Argentina to return to UNASUR

Regional leaders announced their support at the Casa Rosada today

President Alberto Fernández announced today that Argentina would return to the Union of South American Nations (UNASUR), a regional intergovernmental organization that the country left in 2019 under Mauricio Macri’s administration.

“We are all in the same boat in Latin America,” said Fernández in a Casa Rosada meeting with Grupo de Puebla members — an left-of-center political and academic group.

“If we don’t put political manipulation aside to build towards unity, we condemn ourselves to backwardness. We have to revitalize UNASUR as soon as possible.”
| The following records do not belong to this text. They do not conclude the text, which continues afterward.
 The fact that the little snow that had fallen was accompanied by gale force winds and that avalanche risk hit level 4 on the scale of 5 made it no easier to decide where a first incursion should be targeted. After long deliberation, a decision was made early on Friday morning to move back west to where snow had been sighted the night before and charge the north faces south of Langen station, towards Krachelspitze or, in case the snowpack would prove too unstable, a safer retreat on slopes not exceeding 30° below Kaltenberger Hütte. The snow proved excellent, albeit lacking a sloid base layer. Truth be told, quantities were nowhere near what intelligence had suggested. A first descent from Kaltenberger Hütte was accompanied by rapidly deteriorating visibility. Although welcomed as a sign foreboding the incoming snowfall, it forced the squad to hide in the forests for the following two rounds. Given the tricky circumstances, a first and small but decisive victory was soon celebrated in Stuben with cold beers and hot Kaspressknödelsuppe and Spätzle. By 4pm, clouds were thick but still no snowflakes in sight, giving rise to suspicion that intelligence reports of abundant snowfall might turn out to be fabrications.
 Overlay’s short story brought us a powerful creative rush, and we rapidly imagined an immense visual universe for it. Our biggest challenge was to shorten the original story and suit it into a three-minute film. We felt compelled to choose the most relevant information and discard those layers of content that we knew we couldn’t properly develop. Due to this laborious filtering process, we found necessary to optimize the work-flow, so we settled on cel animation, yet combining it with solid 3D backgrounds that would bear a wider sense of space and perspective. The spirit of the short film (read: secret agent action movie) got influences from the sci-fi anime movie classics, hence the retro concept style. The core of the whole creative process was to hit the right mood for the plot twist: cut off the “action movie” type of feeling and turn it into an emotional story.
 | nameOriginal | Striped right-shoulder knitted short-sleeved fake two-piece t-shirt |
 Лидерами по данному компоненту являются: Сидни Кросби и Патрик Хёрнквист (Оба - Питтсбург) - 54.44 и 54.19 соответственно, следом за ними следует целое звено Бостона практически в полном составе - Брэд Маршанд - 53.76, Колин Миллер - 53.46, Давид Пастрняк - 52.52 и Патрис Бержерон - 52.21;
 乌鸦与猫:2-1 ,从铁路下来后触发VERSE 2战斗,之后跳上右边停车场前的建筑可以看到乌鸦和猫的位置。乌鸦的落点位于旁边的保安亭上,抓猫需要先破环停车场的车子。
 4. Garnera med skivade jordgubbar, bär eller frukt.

The UNASUR was created in 2008 by then-Venezuelan president Hugo Chávez, and it once comprised of twelve South American countries. At the time, Latin America had been experiencing a “pink tide,” a regional turn to left-wing governments at the turn of the 21st century. However, in the years following the creation of UNASUR there was a backlash that led to the political landscape shifting towards the right.. 

In 2017 six members of UNASUR, including Argentina, formed an opposing right-wing coalition calledthe Lima Group. The following year, those countries suspended their UNASUR membership and, from 2019 to 2020, some of those nations withdrew from it and join the PROSUR, another integration body created in 2019 by Chilean and Colombian presidents Sebastián Piñera and Iván Duque at the time.
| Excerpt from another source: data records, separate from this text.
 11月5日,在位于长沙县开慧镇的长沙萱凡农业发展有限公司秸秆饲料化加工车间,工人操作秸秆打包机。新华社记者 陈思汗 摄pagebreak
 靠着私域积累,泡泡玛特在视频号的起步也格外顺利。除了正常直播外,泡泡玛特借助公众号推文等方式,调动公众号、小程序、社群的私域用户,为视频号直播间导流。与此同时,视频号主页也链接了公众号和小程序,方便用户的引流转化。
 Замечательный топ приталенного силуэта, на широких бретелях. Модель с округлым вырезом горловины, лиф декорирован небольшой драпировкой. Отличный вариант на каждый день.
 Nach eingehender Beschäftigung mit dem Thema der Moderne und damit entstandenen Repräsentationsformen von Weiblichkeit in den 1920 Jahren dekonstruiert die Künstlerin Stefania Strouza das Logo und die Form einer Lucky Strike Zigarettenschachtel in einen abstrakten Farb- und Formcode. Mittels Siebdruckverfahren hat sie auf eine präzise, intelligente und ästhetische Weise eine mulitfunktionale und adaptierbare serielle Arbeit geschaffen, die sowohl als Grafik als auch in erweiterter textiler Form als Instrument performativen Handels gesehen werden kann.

Currently, the UNASUR is only made up of Guyana, Surinam, Bolivia, Venezuela and Peru.

Tthe new regional return to center-left politics has made a UNASUR comeback possible. In 2022, after winning the Brazilian presidential election, Luiz Inácio Lula da Silva signaled his intention to rejoin UNASUR. Colombian and Chilean presidents Gustavo Petro and Gabriel Boric also said they would rejoin.

“Integration goes beyond ideology,” former Ecuadorian president Rafael Correa said in the Casa Rosada meeting. 
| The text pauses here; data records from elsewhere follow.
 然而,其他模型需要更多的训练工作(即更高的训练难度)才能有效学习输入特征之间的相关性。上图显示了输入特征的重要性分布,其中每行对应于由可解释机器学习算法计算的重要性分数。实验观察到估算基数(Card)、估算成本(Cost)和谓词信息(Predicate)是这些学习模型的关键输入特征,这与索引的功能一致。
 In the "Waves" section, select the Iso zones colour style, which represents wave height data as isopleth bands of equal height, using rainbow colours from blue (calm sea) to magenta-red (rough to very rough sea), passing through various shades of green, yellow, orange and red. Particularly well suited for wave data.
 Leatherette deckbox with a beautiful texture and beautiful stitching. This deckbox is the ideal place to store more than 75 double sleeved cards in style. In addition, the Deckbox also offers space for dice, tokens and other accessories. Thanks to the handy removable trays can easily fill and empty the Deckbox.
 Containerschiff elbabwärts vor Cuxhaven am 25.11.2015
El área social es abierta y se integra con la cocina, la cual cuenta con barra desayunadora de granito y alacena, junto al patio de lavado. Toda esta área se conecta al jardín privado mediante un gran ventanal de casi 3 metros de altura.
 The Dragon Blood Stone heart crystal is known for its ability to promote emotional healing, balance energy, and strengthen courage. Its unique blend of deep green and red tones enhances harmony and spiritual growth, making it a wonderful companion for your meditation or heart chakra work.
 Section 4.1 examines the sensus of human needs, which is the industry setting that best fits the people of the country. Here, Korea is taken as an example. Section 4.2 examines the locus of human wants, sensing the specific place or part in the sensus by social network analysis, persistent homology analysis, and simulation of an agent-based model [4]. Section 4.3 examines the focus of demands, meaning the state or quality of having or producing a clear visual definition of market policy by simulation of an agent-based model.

“UNASUR is more necessary now than ever because an economic crisis will come to our countries sooner rather than later — we depend on an extra-regional currency,” he said, referring to regional markets’ dependence on the US dollar.

Former Bolivian president Evo Morales also considered that UNASUR  will be decisive for the economy of its members. 

“The current fight is for natural resources,” he said. “We have to decide whether they belong to the people under the government’s management, or to the private sector, under the pillage of transnational companies.”